Tech Mahindra is an AWS Migration Competency Partner and member of the AWS Managed Service Provider (MSP) and AWS Well-Architected Partner Programs.
For more than 70 years, Macmillan Learning has been changing students’ lives through learning. By linking research to learning practice, they develop engaging content and pioneering products for students that are empathetic and highly effective.
Macmillan develops and maintains numerous learning platforms with a huge user base and business groups. There was a crucial need to analyze the company’s data and provide insights related to the user base, sales points, e-learning platforms, web analytics, CRMs, online platforms, billing, integrations, and more.
These insights are a key source to help business management make decisions backed by data.
Today, the existence of a master data management solution called Enterprise Data Repository (EDR) provides a single source of truth of aggregated data. Analytics groups use EDR to generate meaningful insights and improve customer experience.
EDR holds a massive amount of data that is ingested through orchestrating multiple ETL jobs. This involves a diverse set of serverless technologies like AWS Step Functions and AWS Lambda. Key components of the solution include data ingestion through ETL jobs, data curation, data transformation business logic, orchestration, schedulers, data archival, indexing, and report presentation.
A strategic collaboration between Macmillan and Tech Mahindra was established to develop a data and analytics platform using an enterprise data repository and serverless technologies for ETL processing.

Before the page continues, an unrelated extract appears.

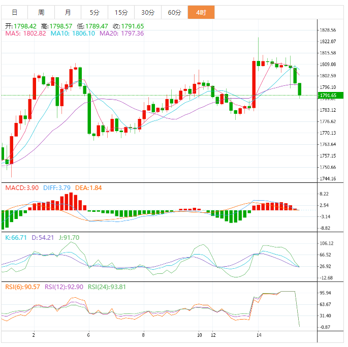 黄金价格正在向以四小时为尺度形成的上升楔形图模式的下缘下降。上述图表模式表明波动率在隧道尽头收缩。黄金已经跌至50周期指数移动平均线(EMA)附近的1.790.00美元,而200-EMA的1,754.34美元仍在上涨,这表明长期趋势仍然完好无损。

The solution required by the customer needed to be capable of:
- Ingesting raw data from diverse data sources like Google Analytics, web usage trackers, POS data, billing data, CRM, integration systems, infrastructure telemetric data, performance metrics, and external data providers.

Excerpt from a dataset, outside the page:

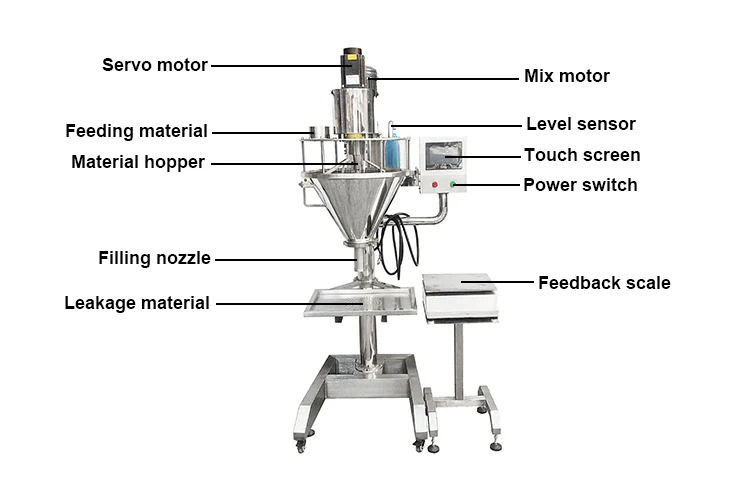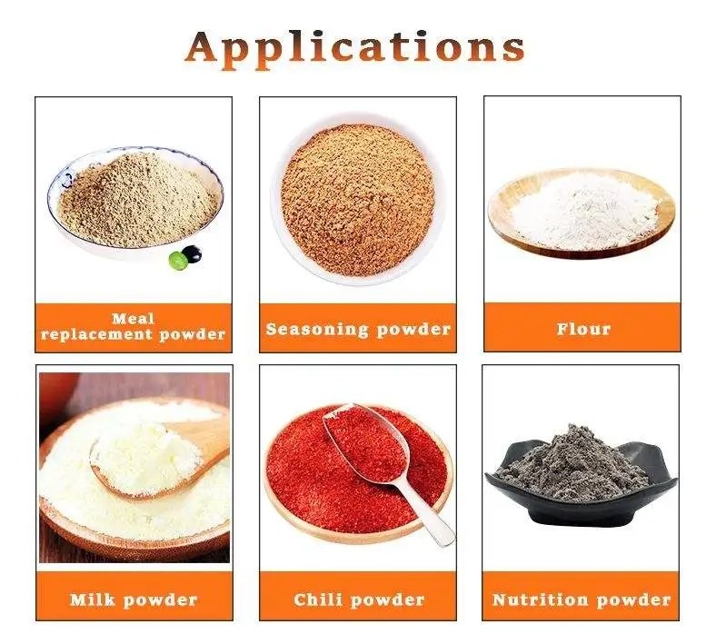 Applicable products: flour, cocoa powder, solid beverages, white sugar, monosodium glutamate, glucose, powdered additives, toner, talcum powder, pesticides, dyes, flavors and fragrances, etc.

- Curating the raw data upon business needs, as the storage of unwanted data increases cost overtime.
- Segregating and transforming the curated data to a high degree of quality data.
- Storage of large volumes of data with best retrieval performance.
- Uncompromised data security standards.
- Reporting of data insights to various levels of analytics business user groups.
- LowOps implementation of the platform with quick to the product development strategy.
- Approximately 70 million rows spread across various data sets and tables, close to 250 attributes from 45 different sources.
Tech Mahindra developed the AWS solution that addressed Macmillan’s challenges in four key ways: data repository modernization for smart analytics and real-time insights; data management; data governance; and reporting using AWS native services.
The solution was built with scalable and secure ETL workflows using AWS serverless technology. It uses Amazon Simple Storage Service (Amazon S3) and Amazon Redshift as the data store layer, and leverages continuous integration and automated pipelines to ensure a seamless development lifecycle and LowOps maintenance.
Finally, the solution was developed as a secured platform with strict network boundaries and threat detective monitoring.
Key components of the solution include:
Data Ingestion and Transformation Layer
The solution leveraged AWS Step Functions, AWS Lambda, and Amazon Elastic Container Service (Amazon ECS) for data ingestion and processing. AWS Step Functions orchestrates a serverless workflow in response to an Amazon CloudWatch event and is used together with Lambda for orchestrating the multiple ETL jobs.
Enterprise Data Repository Layer
Modern enterprise data management platforms must capture data from diverse sources at speed and scale. Data needs to be pulled together in manageable, central data repositories where a variety of data types and a high volume of data can be stored, eliminating traditional silos based architecture.
Amazon S3 is used to store the data within an enterprise data repository platform for use in ETL operations, and Amazon Redshift is used as a data warehouse solution.
Visualization, Reporting, and Business Intelligence Layer
To extract the value and insights from data, PowerBI is used for analysis and visualization to build out reports and dashboards to present the value within the data. Configuration details are described in the solution walkthrough section below.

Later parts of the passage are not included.